What happens after that is exercising the top minds in New Zealand's oil and gas industry, gathered in Auckland for the biennial New Zealand Petroleum Conference.
In what was considered something of a coup for conference organisers, yesterday's keynote speaker was Opec secretary-general Dr Ali Rodriguez-Araque.
Dr Rodriguez-Araque, who is the highest-ranking Opec official to visit New Zealand, told the conference the oil cartel's role would become more important to the world's economy.
Opec countries are predicted to produce 42 per cent of all global supply in 2010, rising to more than 50 per cent in 2020.
More than three-quarters of the world's oil reserves are in Opec member countries.

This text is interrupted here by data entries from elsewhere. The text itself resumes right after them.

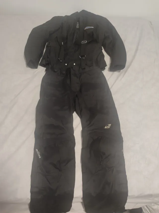Conjunto de chaqueta y pantalón de moto en color negro. - Chaqueta con múltiples bolsillos y tirantes. - Pantalón con logo en la pierna. - Marca: mlline
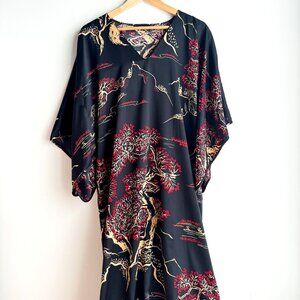 Natori Kimono Style Black Red Nightgown M.
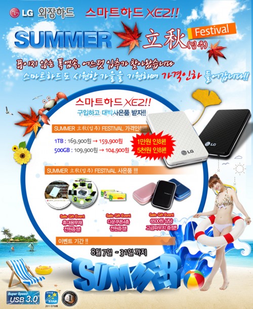 가림토(karimto_inc.blog.me)가 가을을 알리는 입추를 맞아 인기판매 외장하드인 LG전자 스마트하드 XE2!! 대상, ‘썸머 입추 페스티벌’을 펼친다고 밝혔다.

He later told a press conference that New Zealand, with its small but expanding oil production, must play its part along with other smaller nations, in helping to keep the price of oil stable.
Elsewhere at the conference, discussion centred on the impact of Maui gas running out.
The manager of the Energy Markets and Information Services group at the Ministry of Economic Development, Andrew Smith, said that despite the early running down of the Maui field, there were enough reserves of gas to supply the commercial and residential reticulated market for at least the next 20 years.
"This does not mean a shortfall or a supply gap," he said. "Just that the cost will increase."
The petrochemical industry, however, which uses around 40 per cent of all gas production, would not be able to continue.
There was plenty of gas available for the high-value reticulated market, and significant amounts for electricity generation, Mr Smith said.
But the move away from one big gas field to a number of smaller fields, such as the new Pohokura field, did carry risks.
During last year's dry, cold winter, when thermal power stations were running at full capacity to make up for the lack of electricity coming from the South Island hydro dams, the operators of the Maui field were able to "open up the tap"and increase production by up to 30 per cent.
This would not be possible with the new, smaller fields that will supply the power stations in the future.
A need for a sustained increase in the price of natural gas was also endorsed by Malcolm Alexander, of M-Co, the company that manages the wholesale electricity market.
Mr Alexander said the increased gas price would have a flow-on effect to the electricity market.
"It would mean even higher prices [of electricity] if gas was no longer available for generation," he said.
Shell took the opportunity yesterday, while the big companies in the oil and gas industry were in one place, to announce the sale of its interests in the Taranaki Kaimiro oil and gas field to Greymouth Petroleum.
These interests, previously owned by Fletcher Challenge Energy, were part of the divestment forced on Shell by the Commerce Commission when it bought FCE last year.
Greymouth Petroleum was a member of the Peak Petroleum consortium that made a late run to buy Fletcher Energy last year, eventually forcing Shell to increase the price it paid Fletcher shareholders for the company.